37. We find her version to have been fully corroborated by Baksho Devi (PW-2), who also states that after reaching the place of crime and witnessing the incident, she called two ladies Soma Devi and Tara. Presence of accused on the spot was also observed by Sonia Devi (PW-6).

38. It is argued that the witnesses are close relatives and thus their interested testimonies, uninspiring in confidence, cannot be relied upon to convict the accused. Submission, to say the least, only merits rejection, for the spot witnesses, including the prosecutrix, are clear and consistent in their narration of events, and there are neither any improvements nor any embellishments. Also, there being no material contradiction, their version does not cast any doubt about presence of the accused on the spot or his involvement in the crime. There is no animosity or hostility inter se the parties, prompting them to depose falsely.

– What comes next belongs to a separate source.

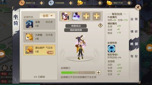 有趣的是,每一个坐骑都可以统御多个宠物,这下顽皮的仙兽们一定会更听话啦。坐骑与仙兽的力量加持到一起,所有属性全部上升!驾驭的等级越高,属性加成值也越高,玩家大大们可以通过与宠物一起战斗或者使用材料进行升级。

39. Contradiction, as pointed out on the question of pants being opened up fully or not, does not shake the cred. of the witness at all. On the question of material fact of sexual assault, there is no discrepancy/variation or contradiction.

40. It is argued that there is delay of one day in lodging the FIR. We do not find the same to be fatal at all. In fact, it stands explained on record. There is no premeditation or determination of mind prior to the matter being reported to the police. The incident took place in the evening of 14.3.2013. It has come on record that the father of the prosecutrix is no more in the land of living. Prosecutrix was residing with her mother and siblings. Her uncle was not having a joint kitchen with them. Even though same day, incident was brought to the notice of her uncle Satpal (PW-4), however, as has emerged from his testimony, he waited for Usha Devi (PW-3), mother of the prosecutrix, to return from the temple. Now, Usha Devi has categorically deposed that she reached in the morning at about 9 a.m. and Satpal had telephonically informed her about the incident. We find that on 15.3.2013 itself, matter was immediately brought to the notice of the police when statement of the prosecutrix, under the provisions of Section 154 of the Code of Criminal Procedure, came to be recorded. In rural areas, generally people are reluctant to report the matter till the arrival of head of the family. Thus, there is no delay in lodging the FIR.

41. Absence of injury on the body of the accused or for that matter prosecutrix, would not render her version in any manner to be false or doubtful. Exact location of the angle in which she was subjected to intercourse, cannot be left to the imagination of the doctor, in whose view, there ought to ought to have been some marks on the buttocks of the prosecutrix. After all, there were injury marks on the face of the prosecutrix, which she has stated to be on account of gagging of her mouth.

42. In our considered view, prosecution has been able to establish the guilt of the accused, beyond reasonable doubt, by leading clear, cogent, convincing and reliable piece of evidence.

43. For all the aforesaid reasons, we find no reason to interfere with the well reasoned judgment passed by the trial Court. The Court has fully appreciated the evidence placed on record by the parties. There is no illegality, irregularity, perversity in correct and/or in complete appreciation of the material so placed on record by the parties. Hence, the appeal filed by the accused are dismissed.

44. Trial Court has sentenced the accused to rigorous imprisonment for a period of seven years and fine of ` 5,000/-, and in default of payment thereof to further undergo simple imprisonment for a period of three months. This was so done by taking into account the fact now accused is 22 years of age; is married and that it is his first offence. We find no infirmity in the same. Hence, the appeal filed by the State for enhancement of sentence is also dismissed.

Appeal stands disposed of, so also pending application(s), if any.